My hometown is Sikar, and my house sits inside this coaching neighbourhood. The coaching industry arrived here in 1996. In less than three decades, a town once known for sending young men to the Gulf for work and into the Army for stability, reinvented itself around teenagers solving biology and physics questions for social mobility.
Sikar was marketed as an affordable ‘mini Kota’. But the praise carries the weight of student breakdowns and suicides. The model was the same. Students came from villages and small towns where families sold land, took loans, and put together every resource to push their child into the coaching machine.
Even my family took me to one of these institutes in 2011, showing me a small room where I was expected to study for the next two years without distraction. The existential dread of that PG almost pulled out an Edvard Munch kind of scream from me, and I told them I was ready to do anything to escape that life.

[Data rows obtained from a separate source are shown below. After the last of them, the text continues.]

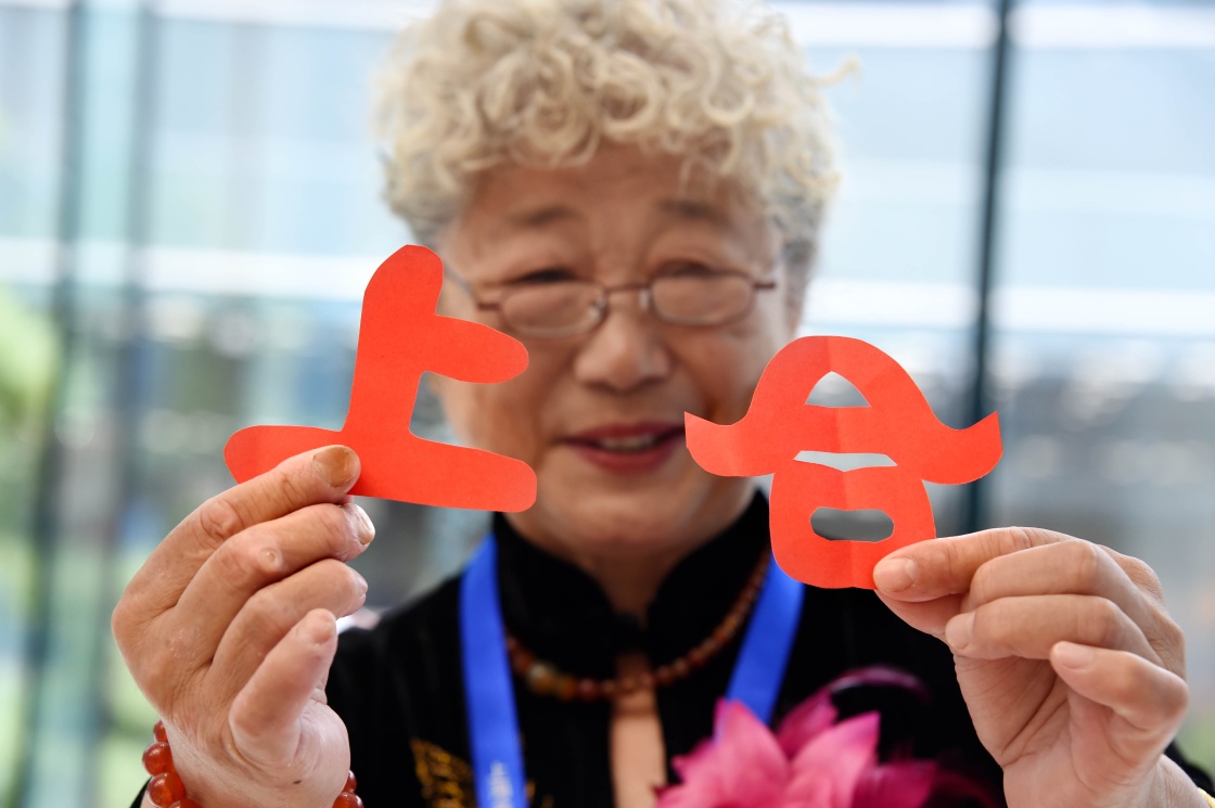 66歲的中國剪紙藝術大師李文玲在展示她剪出的“上合”。新華社記者李紫恒 攝
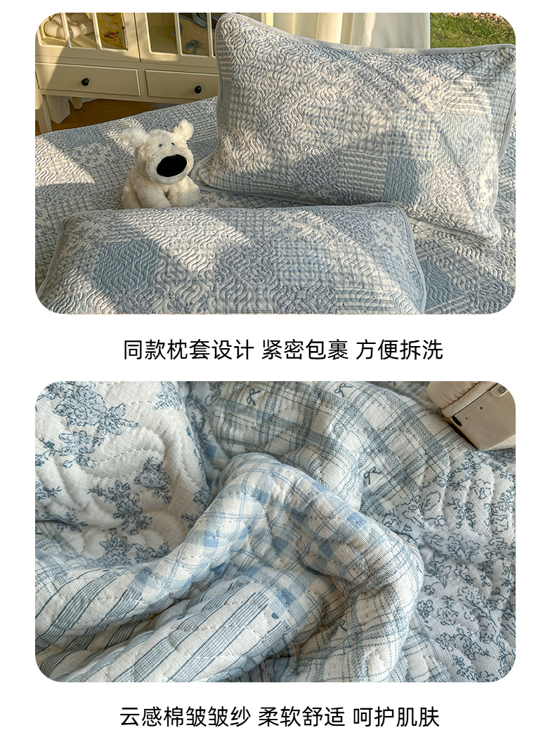 春光里 2025新款A版云感棉皱皱纱B版牛奶绒夹棉床盖三件套 赫拉-蓝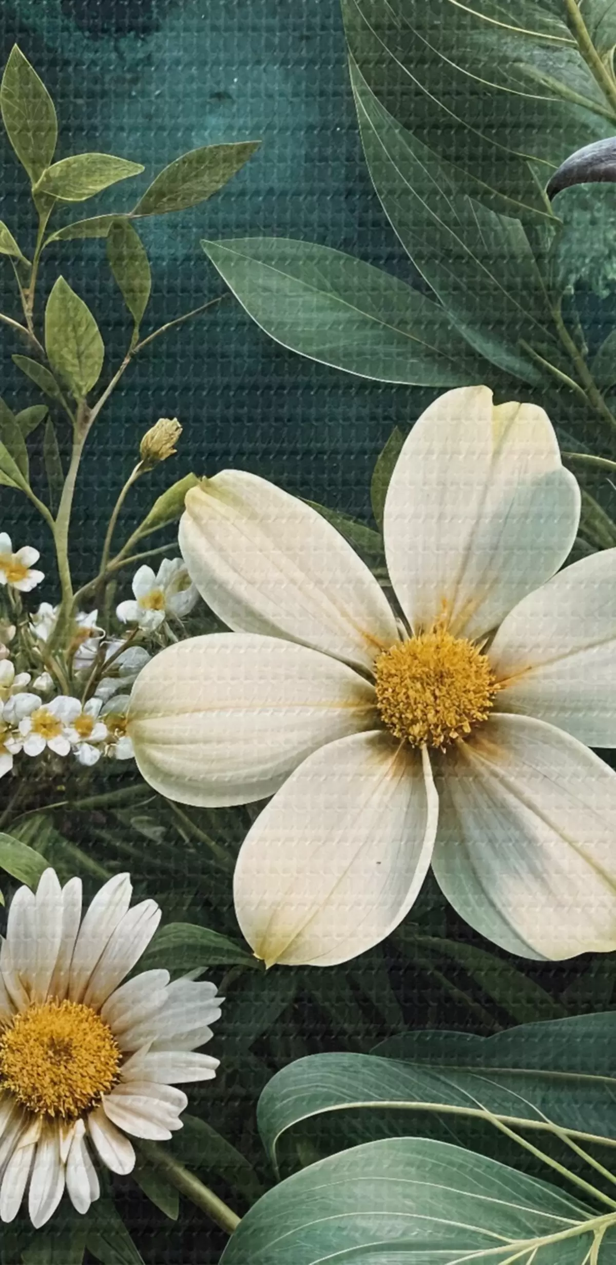 Schilderij Kleine vogels zitten op takken omringd door weelderig tropisch gebladerte, inclusief grote groene bladeren en kleurrijke bloemen Art. s42220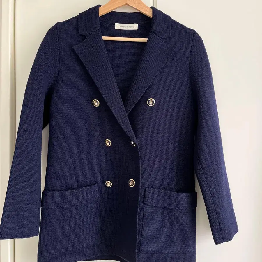 Ladies New yorker 네이비 니트 더블 자켓 골드 버튼 일본제

In Sikar, competitive exams are treated with the seriousness of military operations, and every student is a soldier trying to escape the humiliation of being called berozgaar. If someone gets selected, the entire town is informed through giant hoardings, photos of toppers hanging on electricity poles, local newspapers, and walls plastered with AIR ranks, which sometimes have headlines like ‘Chu liya asmaan’ (I have touched the sky). Institutes bring out DJs, garlands and parade toppers like local gods with rath-style processions. In 2016, one coaching institute even gifted a BMW to a student for securing AIR 11 in IIT-JEE.

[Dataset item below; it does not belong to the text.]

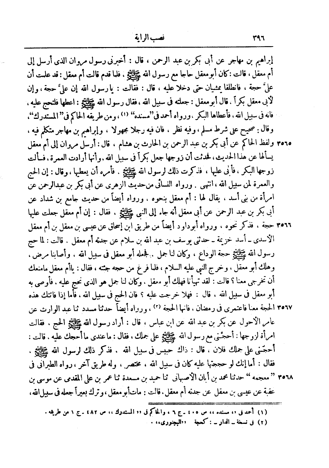 إبْرَاهِيمَ بْنِ مُهَاجِرٍ عَنْ أَبِي بَكْرِ بْنِ عَبْدِ الرَّحْمَنِ، قَالَ: أَخْبَرَنِي رَسُولُ مَرْوَانَ الَّذِي أُرْسِلَ إلَى أُمِّ مَعْقِلٍ، قَالَتْ: كَانَ أَبُو مَعْقِلٍ حَاجًّا مَعَ رَسُولِ اللَّهِ صَلَّى اللَّهُ عَلَيْهِ وَسَلَّمَ، فَلَمَّا قَدِمَ قَالَتْ أُمُّ مَعْقِلٍ: قَدْ عَلِمْت أَنَّ عَلَيَّ حَجَّةً، فَانْطَلَقَا يَمْشِيَانِ حَتَّى دَخَلَا عَلَيْهِ، قَالَ: فَقَالَتْ: يَا رَسُولَ اللَّهِ إنَّ عَلَيَّ حَجَّةً، وَإِنَّ لِأَبِي مَعْقِلٍ بَكْرًا، قَالَ أَبُو مَعْقِلٍ: جَعَلْتُهُ فِي سَبِيلِ اللَّهِ، فَقَالَ رَسُولُ اللَّهِ صَلَّى اللَّهُ عَلَيْهِ وَسَلَّمَ: "أَعْطِهَا فَلْتَحُجَّ عَلَيْهِ، فَإِنَّهُ فِي سَبِيلِ اللَّهِ"، فَأَعْطَاهَا الْبَكْرَ، وَرَوَاهُ أَحْمَدُ فِي "مُسْنَدِهِ"1، وَمِنْ طَرِيقِهِ الْحَاكِمُ فِي "الْمُسْتَدْرَكِ"، وَقَالَ: صَحِيحٌ عَلَى شَرْطِ مُسْلِمٍ، وَفِيهِ نَظَرٌ، فَإِنَّ فِيهِ رَجُلًا مَجْهُولًا، وَإِبْرَاهِيمُ بْنُ مُهَاجِرٍ مُتَكَلَّمٌ فِيهِ، وَلَفْظُ الْحَاكِمِ عَنْ أَبِي بَكْرِ بْنِ عَبْدِ الرَّحْمَنِ بْنِ الْحَارِثِ بْنِ هِشَامٍ، قَالَ: أَرْسَلَ مَرْوَانُ إلَى أُمِّ مَعْقِلٍ يَسْأَلُهَا عَنْ هَذَا الْحَدِيثِ، فَحَدَّثَتْ أَنَّ زَوْجَهَا جَعَلَ بَكْرًا فِي سَبِيلِ اللَّهِ، وَأَنَّهَا أَرَادَتْ الْعُمْرَةَ، فَسَأَلَتْ زَوْجَهَا الْبَكْرَ، فَأَبَى عَلَيْهَا، فَذَكَرَتْ ذَلِكَ لِرَسُولِ اللَّهِ صَلَّى اللَّهُ عَلَيْهِ وَسَلَّمَ، فَأَمَرَهُ أَنْ يُعْطِيَهَا، وَقَالَ: "إنَّ الْحَجَّ وَالْعُمْرَةَ لَمِنْ سَبِيلِ اللَّهِ"، انْتَهَى. وَرَوَاهُ النَّسَائِيّ مِنْ حَدِيثِ الزُّهْرِيِّ عَنْ أَبِي بَكْرِ بْنِ عَبْدِ الرَّحْمَنِ عَنْ امْرَأَةٍ مِنْ بَنِي أَسَدٍ، يُقَالُ لَهَا: أُمُّ مَعْقِلٍ بِنَحْوِهِ، وَرَوَاهُ أَيْضًا مِنْ حَدِيثِ جَامِعِ بْنِ شَدَّادٍ عَنْ أَبِي بَكْرِ بْنِ عَبْدِ الرَّحْمَنِ عَنْ أَبِي مَعْقِلٍ أَنَّهُ جَاءَ إلَى النَّبِيِّ صَلَّى اللَّهُ عَلَيْهِ وَسَلَّمَ، فَقَالَ: إنَّ أُمَّ مَعْقِلٍ جَعَلَتْ عَلَيْهَا حَجَّةً، فَذَكَرَ نَحْوَهُ، وَرَوَاهُ أَبُو دَاوُد أَيْضًا مِنْ طَرِيقِ ابْنِ إسْحَاقَ عَنْ عِيسَى بْنِ مَعْقِلِ بْنِ أُمِّ مَعْقِلٍ الْأَسَدِيِّ أَسَدُ خُزَيْمَةَ حَدَّثَنِي يُوسُفُ بْنُ عَبْدِ اللَّهِ بْنِ سَلَّامٍ عَنْ جَدَّتِهِ أُمِّ مَعْقِلٍ، قَالَتْ: لَمَّا حَجَّ رَسُولُ اللَّهِ صَلَّى اللَّهُ عَلَيْهِ وَسَلَّمَ حَجَّةَ الْوَدَاعِ، وَكَانَ لَنَا جَمَلٌ، فَجَعَلَهُ أَبُو مَعْقِلٍ فِي سَبِيلِ اللَّهِ، وَأَصَابَنَا مَرَضٌ، وَهَلَكَ أَبُو مَعْقِلٍ، وَخَرَجَ النَّبِيُّ عليه السلام، فَلَمَّا فَرَغَ مِنْ حَجِّهِ جِئْتُهُ، فَقَالَ: "يَا أُمَّ مَعْقِلٍ مَا مَنَعَك أَنْ تَخْرُجِي مَعَنَا؟ " قَالَتْ: لَقَدْ تَهَيَّأْنَا فَهَلَكَ أَبُو مَعْقِلٍ، وَكَانَ لَنَا جَمَلٌ هُوَ الَّذِي نَحُجُّ عَلَيْهِ، فَأَوْصَى بِهِ أَبُو مَعْقِلٍ فِي سَبِيلِ اللَّهِ، قَالَ: "فَهَلَّا خَرَجْت عَلَيْهِ؟ فَإِنَّ الْحَجَّ فِي سَبِيلِ اللَّهِ، فَأَمَّا إذَا فَاتَتْك هَذِهِ الْحَجَّةِ مَعَنَا فَاعْتَمِرِي فِي رَمَضَانَ، فَإِنَّهَا الْحَجَّةُ" 2، وَرَوَاهُ أَيْضًا حَدَّثَنَا مُسَدَّدٌ ثَنَا عَبْدُ الْوَارِثِ عَنْ عَامِرٍ الْأَحْوَلِ عَنْ بَكْرِ بْنِ عَبْدِ اللَّهِ عَنْ ابْنِ عَبَّاسٍ، قَالَ: أَرَادَ رَسُولُ اللَّهِ صَلَّى اللَّهُ عَلَيْهِ وَسَلَّمَ الْحَجَّ، فَقَالَتْ امْرَأَةٌ لِزَوْجِهَا: أَحِجَّنِي مَعَ رَسُولِ اللَّهِ صَلَّى اللَّهُ عَلَيْهِ وَسَلَّمَ عَلَى جَمَلِك، فَقَالَ: مَا عِنْدِي مَا أُحِجَّكِ عَلَيْهِ، قَالَتْ: أَحِجَّنِي عَلَى جَمَلِك فلان، قال: ذاك حَبِيسٌ فِي سَبِيلِ اللَّهِ، فَذُكِرَ ذَلِكَ لِرَسُولِ اللَّهِ صَلَّى اللَّهُ عَلَيْ

Every selection produces two emotions simultaneously. Relief for the family whose child made it, and melancholy for those whose children did not. Mothers stare at topper posters and wonder when the face of their own child will appear there. Happiness, shame, prestige, anxiety, marriage prospects, migration dreams, and family honour slowly become attached to rank lists. Everyone wants to become that family whose child cracked NEET or IIT.
Perhaps this is the only place where Ravish Kumar’s old appeal, Aap TV mat dekhiye, was adopted with sincerity. Parents sacrifice their TVs when their children join a coaching institute so that they do not accidentally learn the dangerous art of relaxation. In the coaching economy, leisure is the ultimate sin.
Coaching institutes are enormously powerful entities, deeply tied to the politics and economy of the region. A successful institute slowly expands into hostels, franchises, real estate, and sometimes even private medical colleges. Some institutes even advertise that students who clear NEET through their coaching can later enrol as doctors in their medical colleges. The system feeds itself. This is the loop. But the reality is that this loop works too. Many families have escaped poverty because their children cleared competitive exams. This is true of my own extended family, where ranks changed the fortunes of households struggling financially. In today’s India, these exams remain one of the few workable ladders of upward mobility. But the system itself is also vulnerable to rigging, exploitation, and manipulation.
This is also what makes the paper leak controversy so revealing. It exposes the desperation underneath India’s aspiration economy, a desperation that inevitably opens up parallel markets of leaks, brokers and shortcuts. And along with it comes the unbearable emotional burden this machinery places on lakhs of students. Yet every year, thousands continue entering this system despite knowing how unforgiving and distorted it can be. Perhaps in India, the exam system survives not because people trust it, but because they distrust everything else even more.